Die im TecDAX der deutschen Börse gelistete Carl Zeiss Meditec AG (ISIN: DE0005313704) ist einer der weltweit führenden Medizintechnikanbieter. Das Unternehmen liefert innovative Technologien und applikationsorientierte Lösungen, die es den Ärzten ermöglichen, die Lebensqualität ihrer Patienten zu verbessern. Zur Diagnose und Behandlung von Augenkrankheiten bietet das Unternehmen Komplettlösungen, einschließlich Implantaten und Verbrauchsgütern. In der Mikrochirurgie stellt das Unternehmen innovative Visualisierungslösungen bereit. Mit rund 2.900 Mitarbeitern weltweit erwirtschaftete der Konzern im Geschäftsjahr 2015/16 (30. September) einen Umsatz von 1.088 Millionen EUR.

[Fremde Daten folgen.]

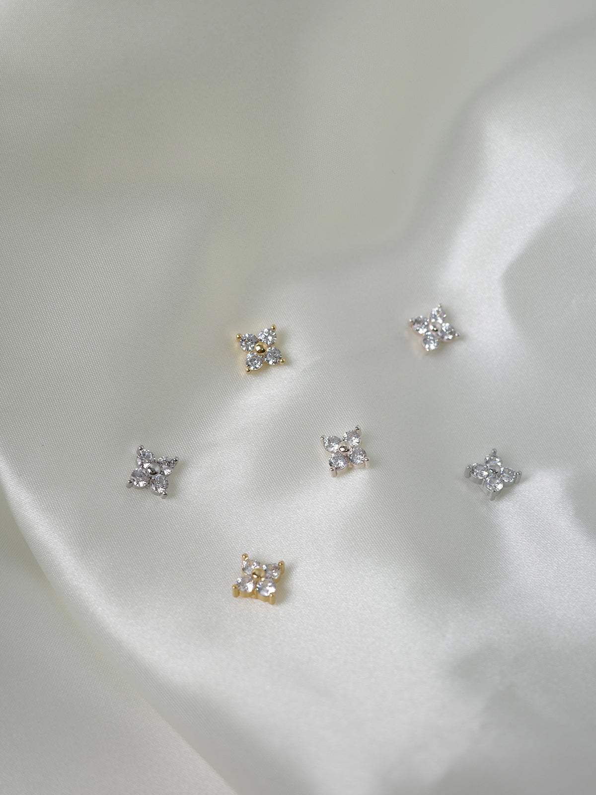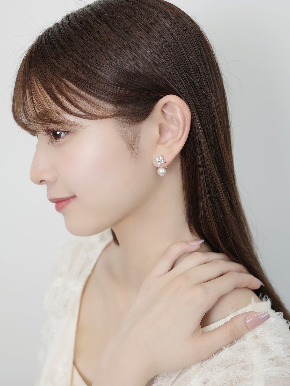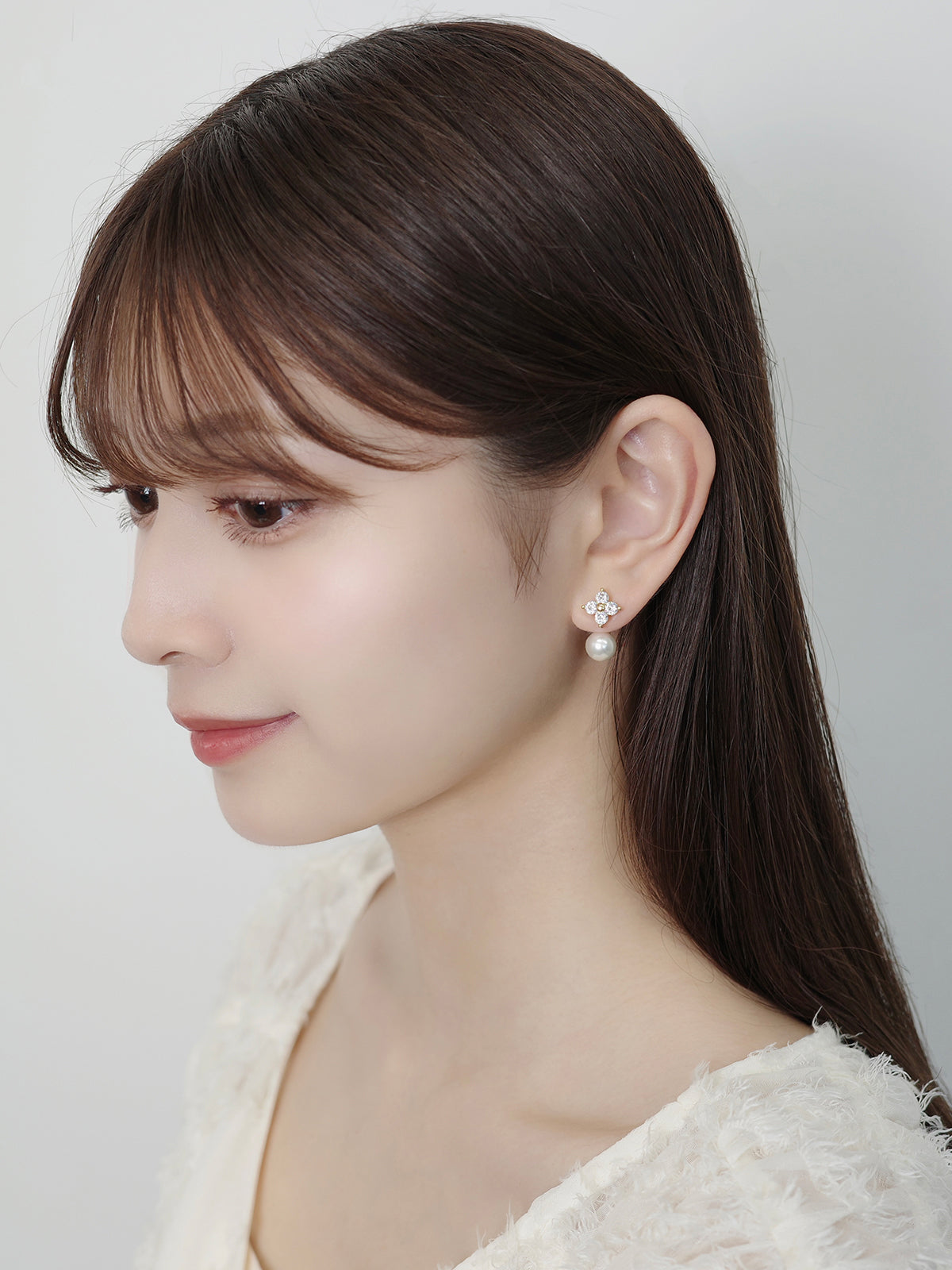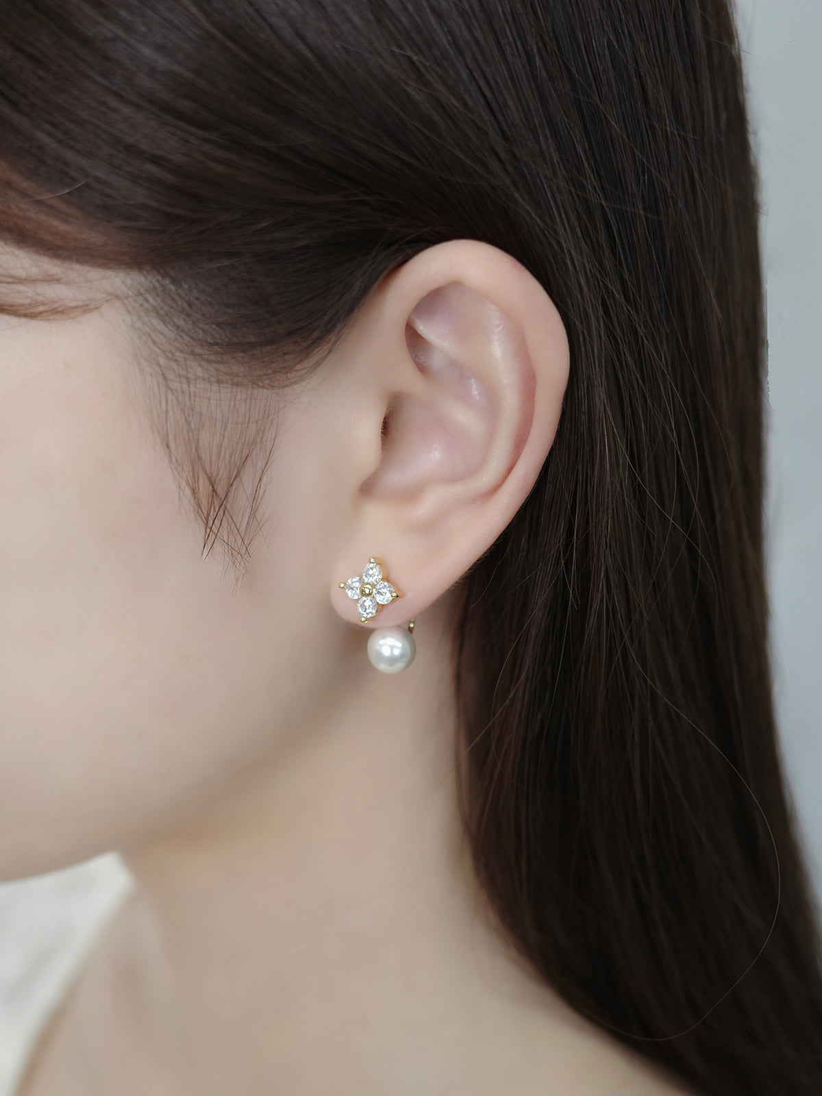 繊細なフラワーモチーフが、顔まわりに可憐なきらめきを添えるマグネットピアス。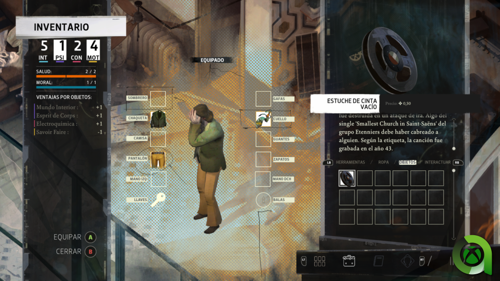 Los objetos del inventario también tienen una gran relevancia. En nuestro equipo, veremos en todo momento lo que llevemos equipado, así como los menús del inventario, repartidos en ropa, herramientas, objetos e interactuar. Este último, presenta los objetos que hayamos descubierto y que permiten interactuar con los mismos para obtener nueva información. En cuanto a ropa y herramientas, debemos gestionar la presencia de nuestro agente, y también equiparle con lo necesario. Un claro ejemplo de ello, es que las herramientas nos serán muy útiles para acceder a ciertos lugares o abrir ciertos compartimentos.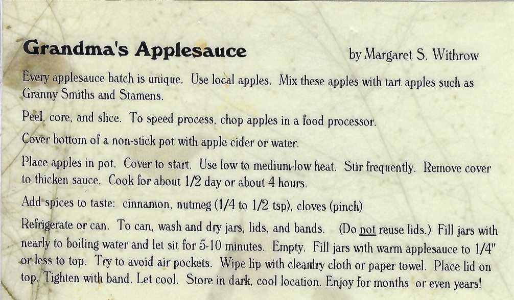 Every applesauce batch is unique. Use local apples. Mix these apples with tart apples such as Granny Smiths or Stamens.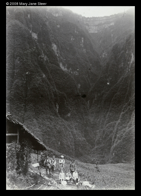 Caption on support : 1921 The precipice of Mount Omei (?Gwan-chen) with Dare, Evans, and Betsy in the foreground, separated from it by a ravine.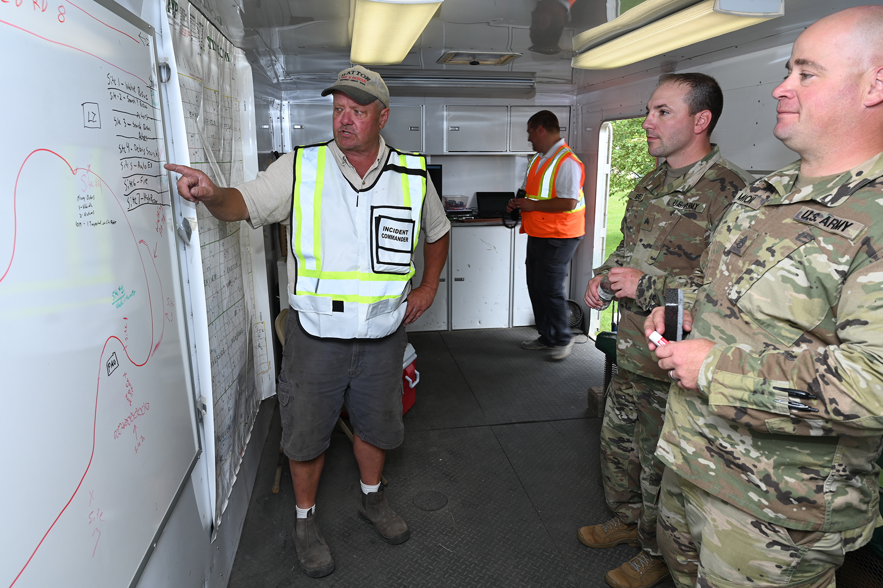 Sgt. 1st Class Benji Boll, 188th Engineer Company, discusses search and rescue plans with Jason Sletten, assistant fire chief for Hatton, N.D. at Golden Lake Recreation Area and Resort, in Steele County on August 5.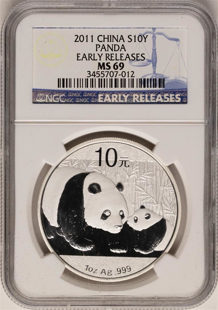 One 2011 China 10 Yuan Silver Panda Coin NGC MS69 Early Releases. NGC Certified.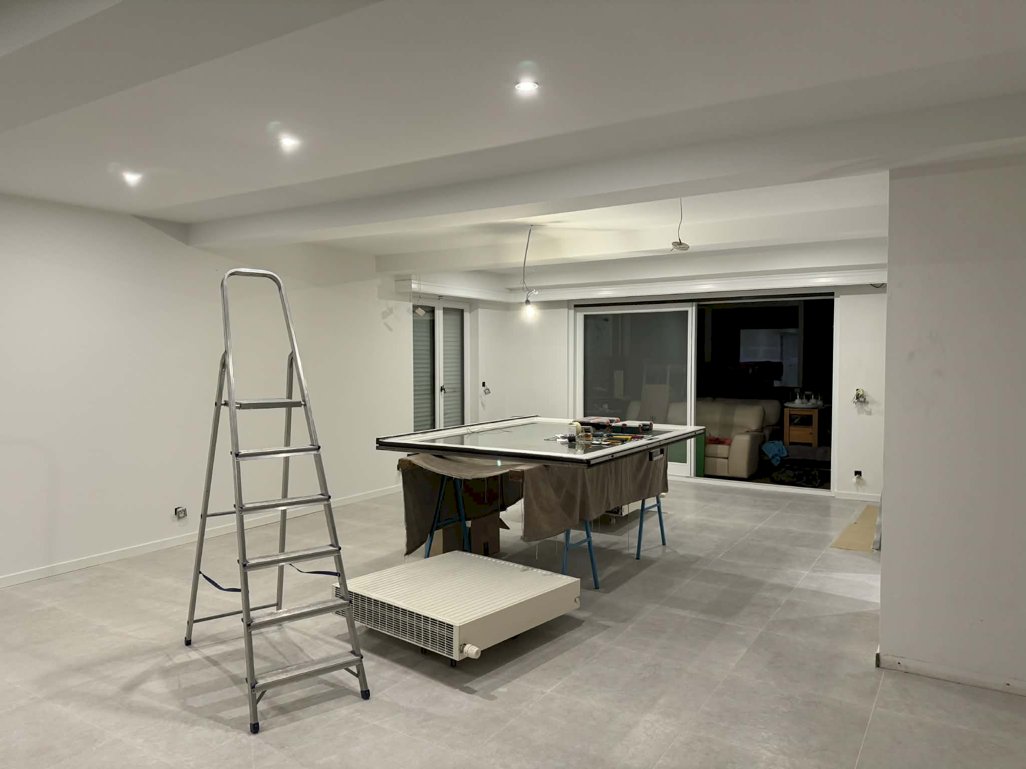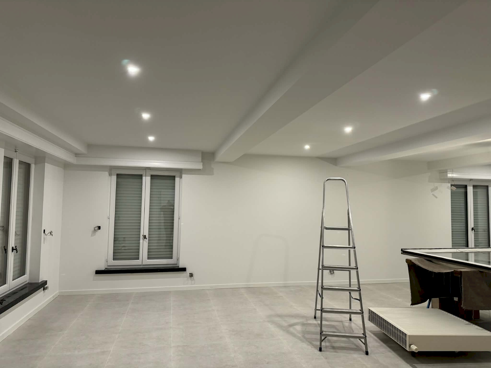 Wanneer al deze stappen door de aannemer uitgevoerd zijn, kan aan de afwerking worden gestart. Alle voorbereidingen worden getroffen, zoals het afdekken van vloeren en vensterbanken en het afplakken van de ramen en deuren. Alle muren en plafonds worden bijgewerkt en afgeschuurd, waarna de primer kan worden aangebracht. Opnieuw gaan we rond met plamuur om eerder gemiste oneffenheden nog bij te werken. Wanneer de plamuur droog is kunnen de afwerkingslagen in de definitieve kleur op de muren en het plafond.

Hauptsitz des Unternehmens ist Jena, Deutschland. Neben weiteren Niederlassungen in Deutschland ist das Unternehmen mit über 50 Prozent seiner Mitarbeiter an Standorten in USA, Japan sowie Spanien und Frankreich vertreten. Das Center for Application and Research India (CARIn) in Bangalore, Indien, und das Carl Zeiss Innovations Center for Research and Development in Shanghai, China, stärken die Präsenz in diesen schnell wachsenden Ländern. Etwa 41 Prozent der Carl Zeiss Meditec-Anteile befinden sich im Streubesitz. Die übrigen rund 59 Prozent werden von der Carl Zeiss AG, einer weltweit führenden Unternehmensgruppe der optischen und optoelektronischen Industrie, gehalten.